Nós, pais, não descansamos enquanto os nossos filhos não tiverem muitos amigos e um melhor amigo. Faz parte. Pelo menos é o que acontece nos livros, nos filmes e, desconfiamos, com os filhos dos outros.
Para que este processo de amizades dos nossos filhos corra mesmo bem, começamos desde muito cedo a impingir amigos aos nossos meninos. Fazemos uma ronda pelos nossos amigos que tenham filhos das idades dos nossos e lançamos o laço. A saga começa por volta dos dois anos. Por uma razão absolutamente desconhecida e misteriosa, nós estamos certos de que, com apenas dois anos, os nossos filhos já podem ter uma vida social intensa, uma vida social que passa por atirar com legos à cabeça dos ditos amigos, por sádicos puxões de cabelo, por gritos ensurdecedores, etc., mas pronto. É uma vida social. Mas, para nós, isso é normal. É uma espécie de equilíbrio de forças, de experiência empírica sobre a personalidade do nosso filho. É como largar as crianças às feras e ficar a ver as suas capacidades de sobrevivência, de liderança, de resistência, de influência, etc., do lado de fora do gradeamento. É um pouco sádico, mas nós estamos convictos de que é importante os nossos meninos terem amigos. É mesmo muito importante.
É tão importante que, quando eles chegam do primeiro dia de escola, a primeira coisa que lhes perguntamos, ansiosos, é "já tens amiguinhos?". É deprimente.
As crianças não entendem esta ansiedade. Para elas, não há esse conceito de amigos. Para elas há outras crianças e pronto. Amigos, amigos são os pais, o cão e pouco mais. Até muito tarde, elas olham para os seus pares como adversários, nunca como amigos. Um dia numa creche é um dia passado num campo de batalha sangrento onde estão em jogo coisas tão fundamentais como a atenção dos mais velhos ou os brinquedos mais disputados.

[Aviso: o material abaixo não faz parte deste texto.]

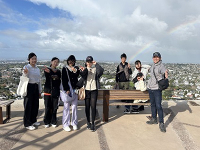 現地サポート主催のMt Edenへの遠足。山頂から虹をバックに記念撮影。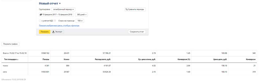 Из скриншота мы видим, что на рекламу без НДС было потрачено 57 786,21 рублей и получено 340 заявок. Цена конверсии составляет 169,96 рублей. Прошу запомнить эти цифры, потому что дальше произойдёт магия.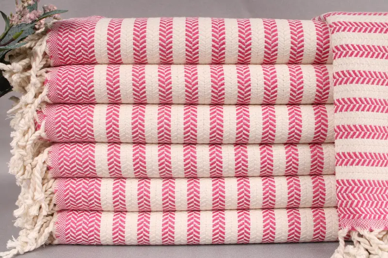 Each beach towel is woven from organic Turkish cotton, ensuring superior absorbency and durability. The towels are sized at 40x71 inches or 100x180 centimeters, weighing 440 grams, with a weaving tolerance of ±2 inches or 5 centimeters. Customization options include embroidery or personalization with letters, names, or logos, allowing for tailored placement and color choices.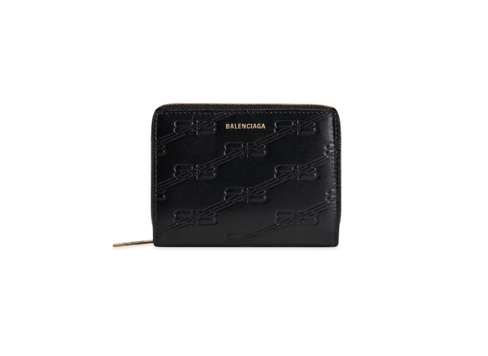 BALENCIAGA Embossed Monogram Bifold Compact Wallet Box "Black"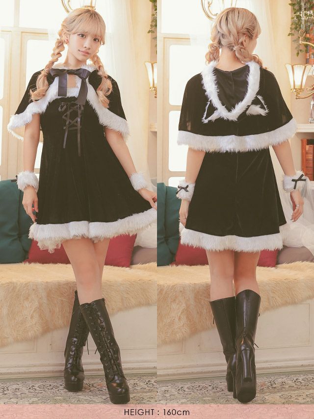 サンタコス 4点set まやりん着用猫耳ケープ付き編み上げデザインフレアスカートガーリーふわふわファーアニマルサンタコスプレのサイズ表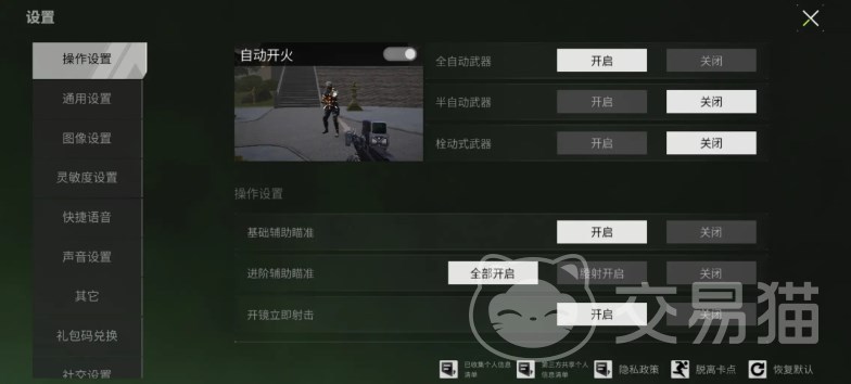 如图所示,辅助瞄准在设置选项中最上方“操作设置”里,选择“基础辅助瞄准”,点击左边就可以开启。辅助瞄准配上自动开火,基本上就可以完成自瞄了,对于刚上手的新人来说至少不会出现敌人出现不知道向哪儿开火的情况。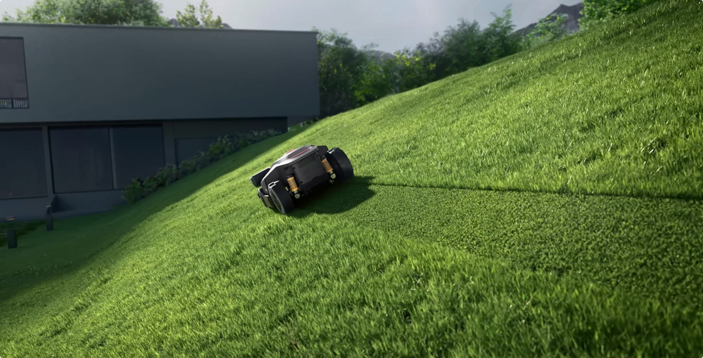 Dzięki adaptacyjnemu podwoziu i podwójnym niezależnym sprężynom, Dynamiczny System Zawieszenia zapewnia jednocześnie wysoką stabilność platformy roboczej oraz precyzyjne utrzymanie pozycji układu tnącego 🌿🤖. Rozwiązanie to umożliwia płynne pokonywanie nierówności, zagłębień oraz trudnego, zróżnicowanego terenu bez utraty równowagi czy jakości koszenia.System aktywnie kompensuje zmiany podłoża w czasie rzeczywistym, utrzymując stały kontakt kół z nawierzchnią oraz równomierną wysokość cięcia ✂️. Dzięki temu ostrza pracują w optymalnym zakresie, nawet gdy robot porusza się po wybojach, pochyłościach lub miękkim gruncie.Połączenie elastycznego zawieszenia i niezależnych sprężyn zwiększa zdolność adaptacji do terenu, redukując drgania i poprawiając kontrolę nad ruchem urządzenia 🚜. W efekcie kosiarka porusza się płynnie, stabilnie i precyzyjnie, zachowując wysoką jakość koszenia w każdych warunkach ogrodowych

É tudo menos um espectáculo bonito de se ver. É tudo menos um espectáculo de fraternidade, de generosidade e de amizade. E o mais irónico é que, depois de um dia destes, elas chegam a casa e, em vez de os pais lhes perguntarem "quantas baixas provocaste?", perguntam "então, brincaste com os teus amiguinhos?". Quais amiguinhos, quais quê, a vida de uma criança é um filme de acção para maiores de 18 anos, não há cá amigos nem amiguinhos. Há inimigos, sangue, suor e lágrimas.
Uma criança não cria laços afectivos com outra criança apenas e só porque estão ambas fechadas na mesma sala e porque têm a mesma idade. Ela, no máximo, brinca com essa criança.

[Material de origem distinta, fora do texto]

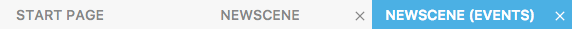 Desde el Editor de "Escena", seleccione y haga clic en la pestaña Editor de "Escena (Eventos)". Es la pestaña que se encuentra arriba ya la derecha de la escena.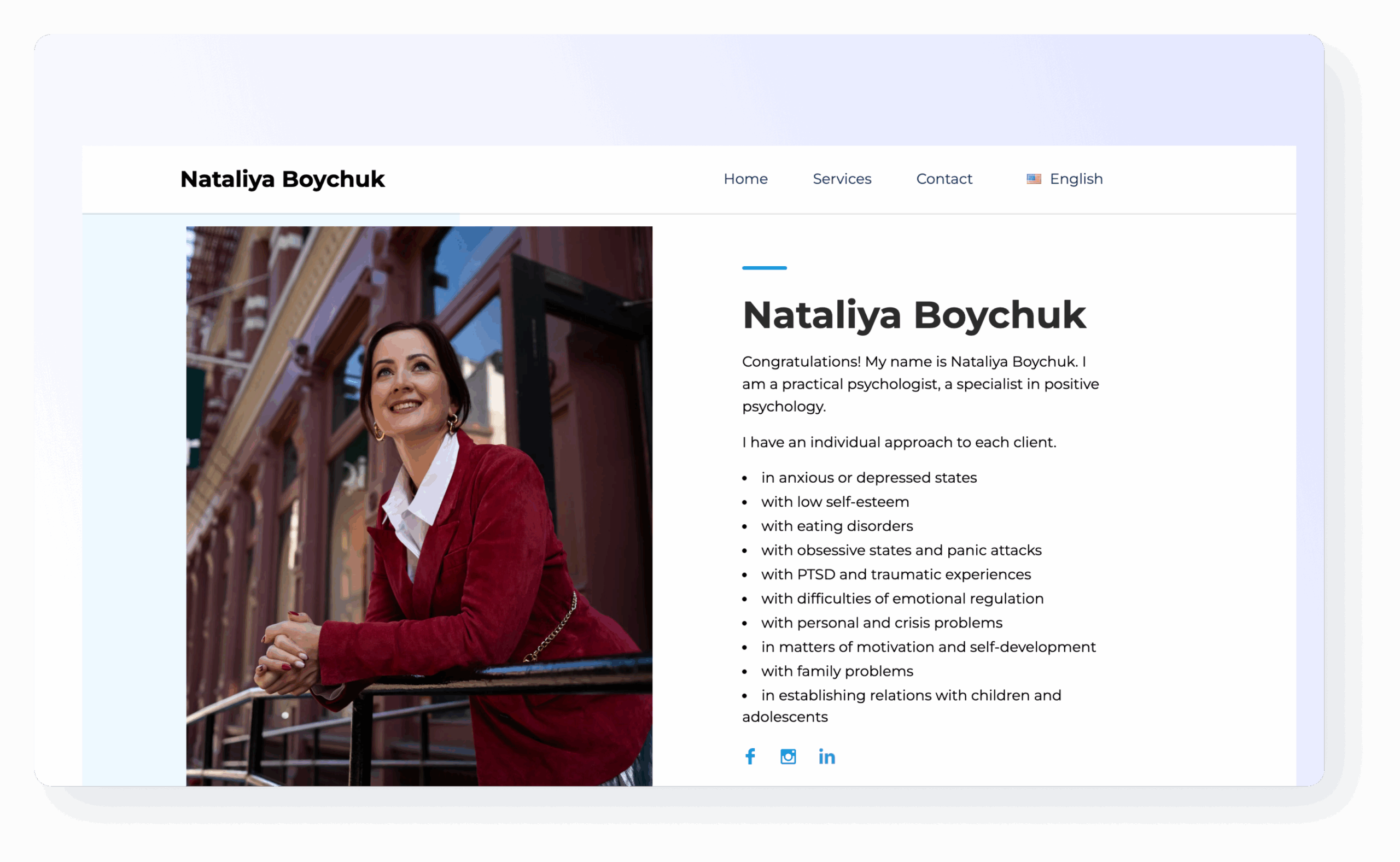 Read MoreWe created a professional portfolio website for Nataliya Boychuk to present her expertise and services in an elegant and structured way. The design is clean and modern, focusing on clarity and usability across all devices. We also added basic SEO settings and connected tools to help track site performance and traffic.

Mas nós insistimos. É estranho, mas insistimos: ter amigos é obrigatório. "Oh mãe, mas ninguém quer brincar comigo e eu não gosto de futebol..." É então que o chão nos sai debaixo dos pés: o nosso menino não tem amigos. Perante isto, só nos resta recorrer ao psicólogo, ao psiquiatra, ao neurologista. Nós não entendemos o óbvio: as crianças são como os adultos, há os que têm muitos amigos e os que têm um ou dois – e não é por isso que os consultórios estão cheios (é por outras razões, não por esta). A nós, ninguém nos impinge amigos, ninguém nos julga pelo número de amigos que coleccionamos e muito menos medimos a nossa felicidade pelo tamanho da nossa lista de contactos. Já no que diz respeito aos nossos filhos, tudo isto conta. Muito estupidamente, mas conta.